You may choose to wear an athletic supporter/jock strap for a few days after the surgery if you feel you would benefit from the support. The majority of our patients have told us that since they didn't experience much discomfort after the surgery, they never felt the need to wear the supporter. However, if you do heavy work or lots of sports, you may be more comfortable with the extra support for a week or so after surgery.
Vasectomy has a success rate higher than 99 percent, making it one of the most effective forms of birth control. But it isn't effective immediately after the surgery. Although you can have sex as soon as three days after a vasectomy, you temporarily remain capable of fathering a child with the sperm that still remain in the ducts.
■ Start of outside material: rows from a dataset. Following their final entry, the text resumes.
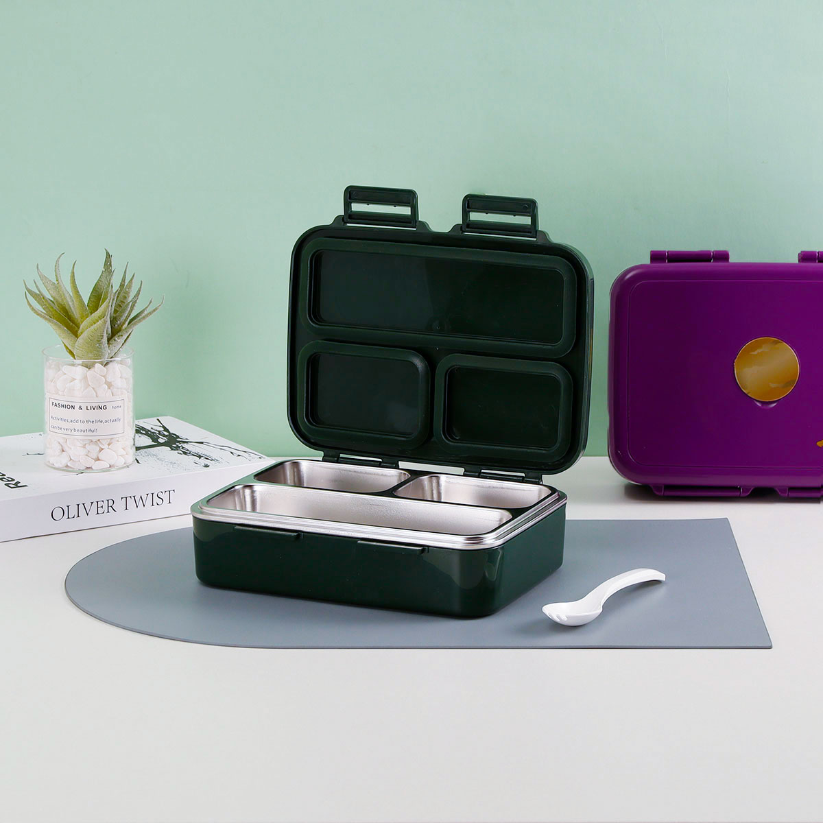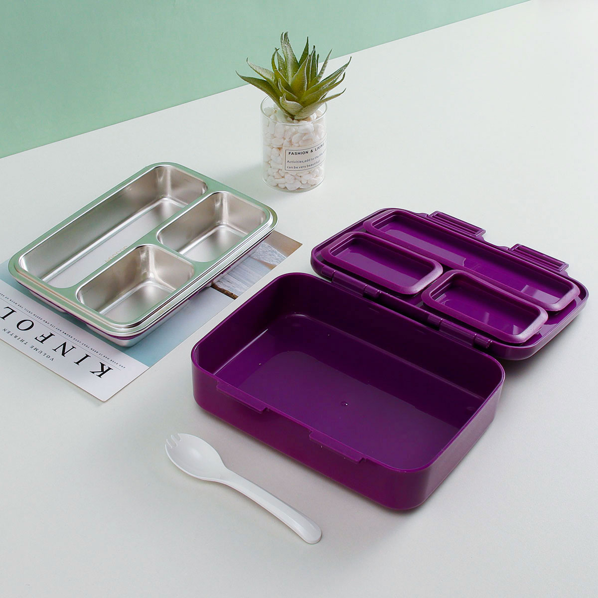 悠悅樂漫大號三格不銹鋼便當(dāng)盒(790ml) 2023新色
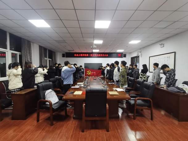 本次会议由两部分组成,第一部分为发展预备党员,主要对张乐,许再标,许韬,柏乐,张佳鑫等五名发展对象转为预备党员进行票决,其先对自己的情况进行介绍,之后由入党介绍人对其进行评价,并提出需要改进的地方,最终同意其转为预备党员。第二部分由张岩带领大家对着党旗进行宣誓,新加入的和之前的老党员每个人都参与其中,宣誓的内容让人热血澎湃,每个人铿锵有力的声音振奋人心。
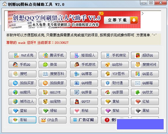 创想QQ图标点亮辅助工具是一款简单易用的qq图标点亮工具,它可以帮助用户快速点亮QQ的图标,目前支持37个图标点亮。
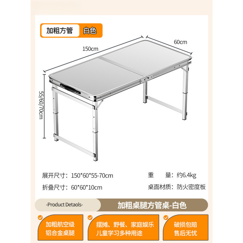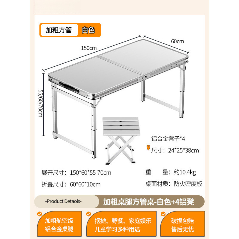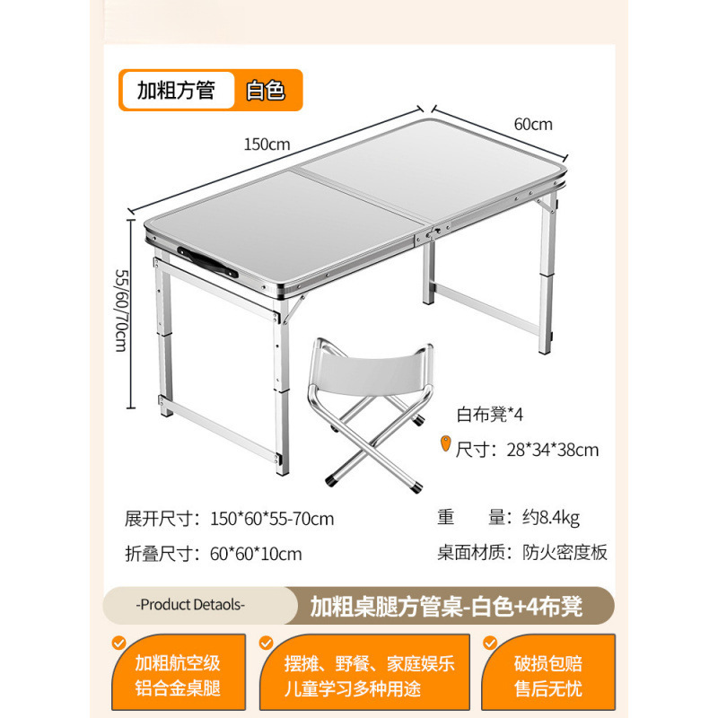 • 업그레이드된 대외 무역 품질 [업그레이드된 알루미늄 합금 사각 튜브] 150*60cm 흰색 + 알루미늄 의자 4개
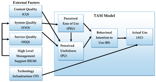 In this study, the proposed model in Figure 1 was developed by extending the TAM model in order to explain and understand the significant factors that influence students’ usage of the mobile learning platform in JORDAN. Based on the above discussion, TAM is the most recent and widely used model, which uses five constructs, including perceived usefulness, ease of use, attitude toward to use, intention to use and actual use as predictors of the technology usage and acceptance [49,50,51,52]. TAM model as shown in Figure 2, hypothesized that the two main determinants for an individual to use any new technology are the user’s perceptions of ease of use as well as their perception on its usefulness [32].
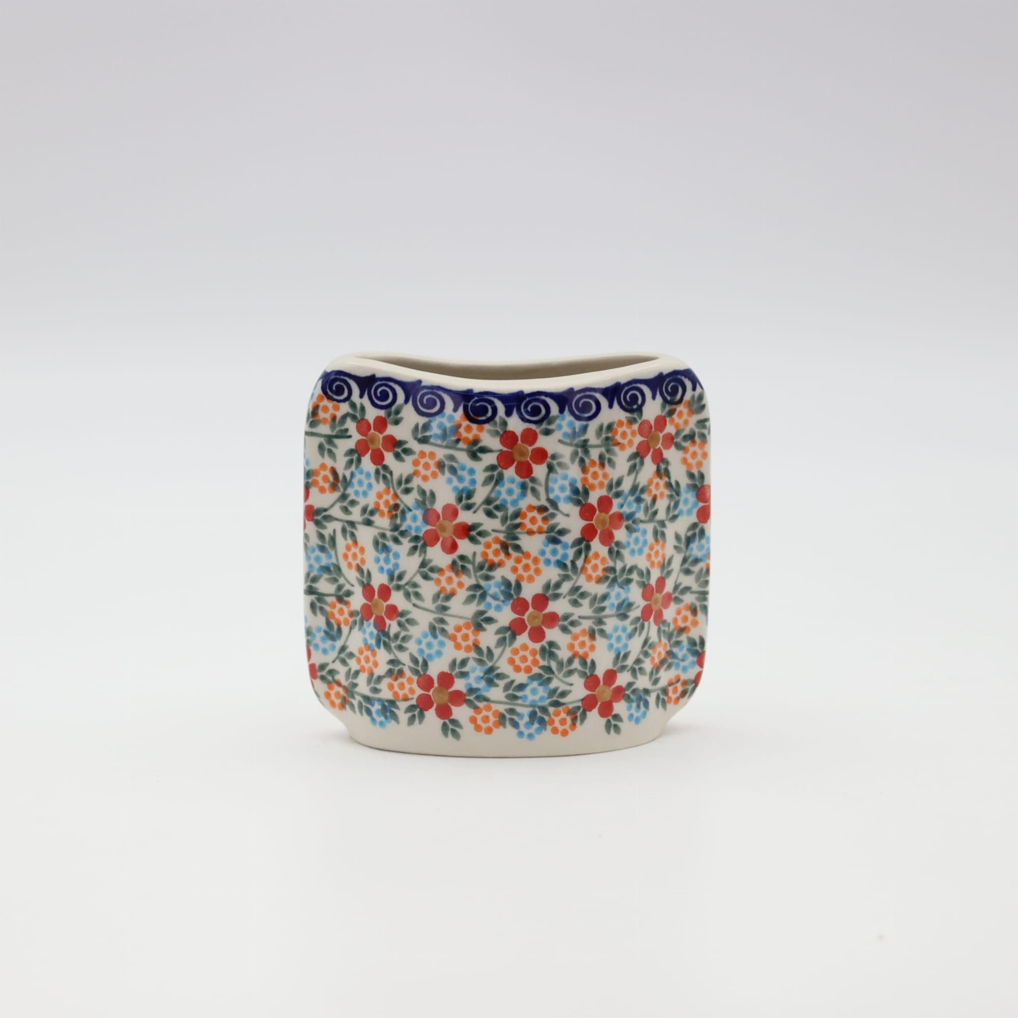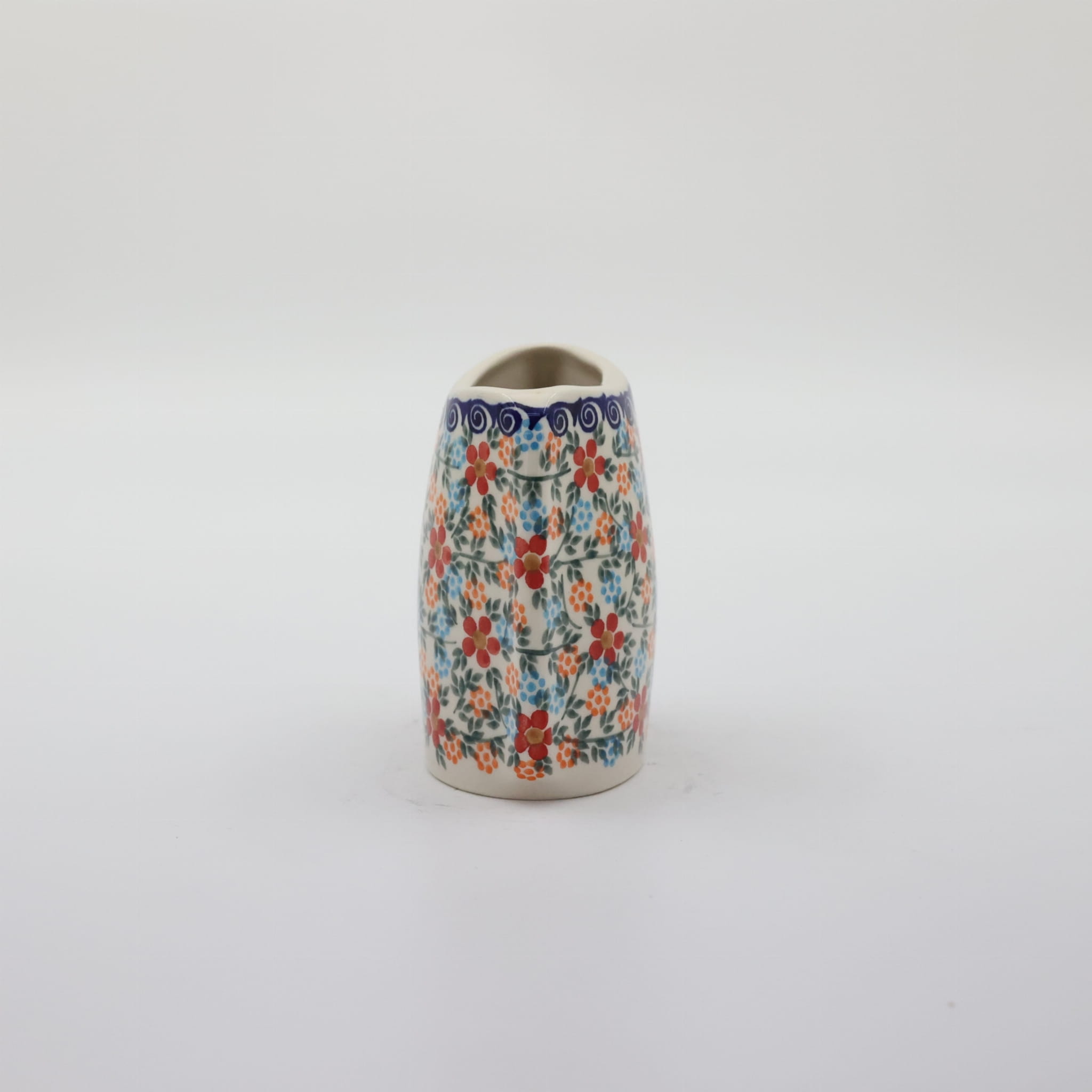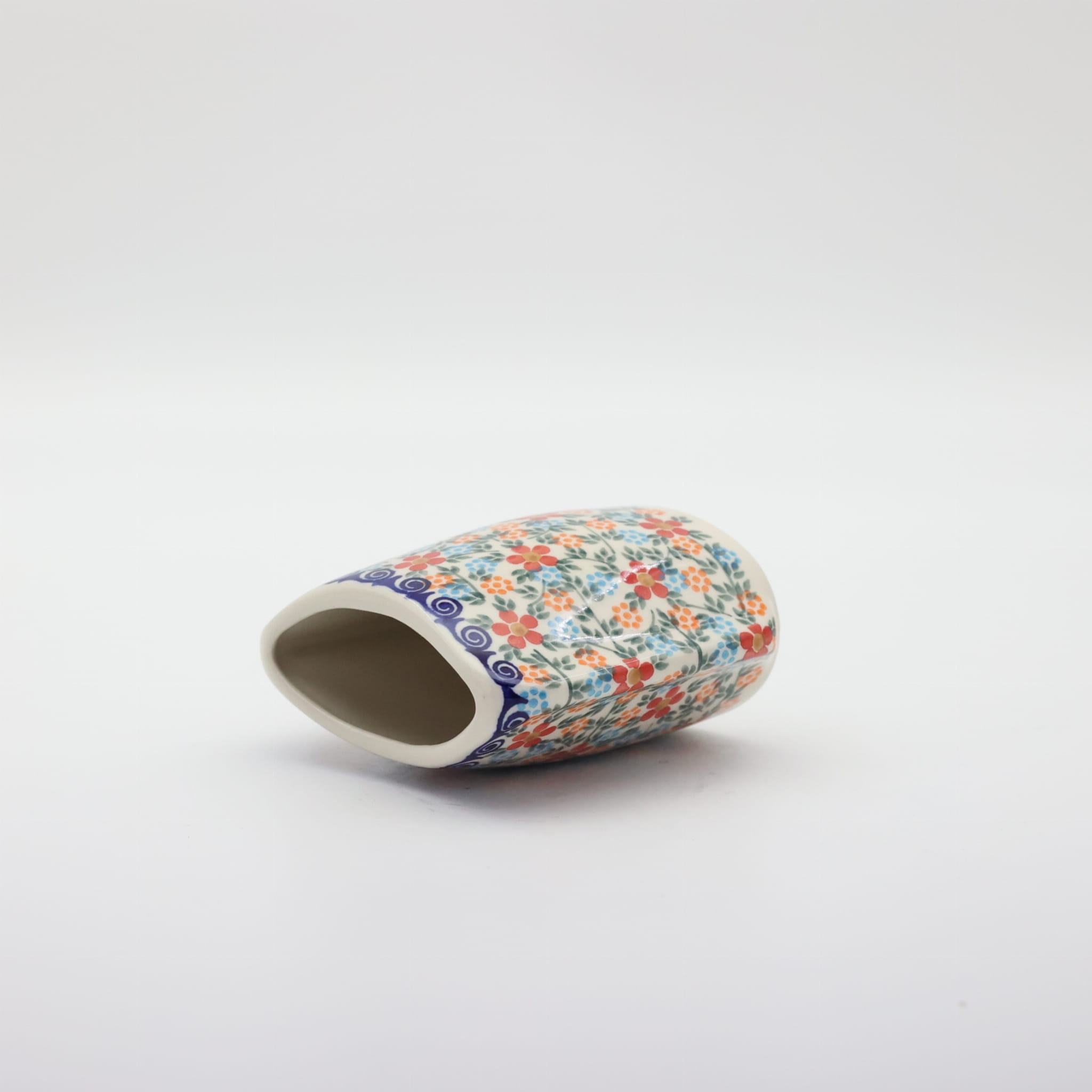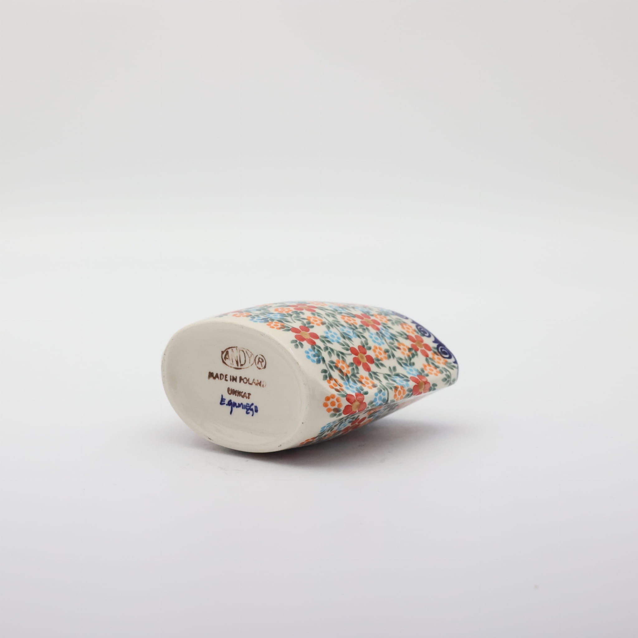 Oryginalny produkt ceramiki bolesławieckiej z zakładu ceramicznego, ANDY CERAMIKA z Bolesławca. Ręcznie malowany w tradycyjne dekoracje stempelkowe oraz motywy kwiatowe. Kształt wazon to spłaszczona bryła o pojemności 350 ml.

It generally takes at least 20 ejaculations to flush them all out.
Use a backup method of birth control until you have your first semen analysis test result. You will need to have two of these tests: the first about eight weeks or after 15-20 ejaculate after your vasectomy, the second about 6 months after surgery. Once you have the first tests showing no sperm, you are considered sterile and will no longer need to use other methods of birth control. In very rare situations, the body will make its way in reconnecting the tubes, if that happened it will be in the first 6 months and that is why we do the 6 month retest for the semen.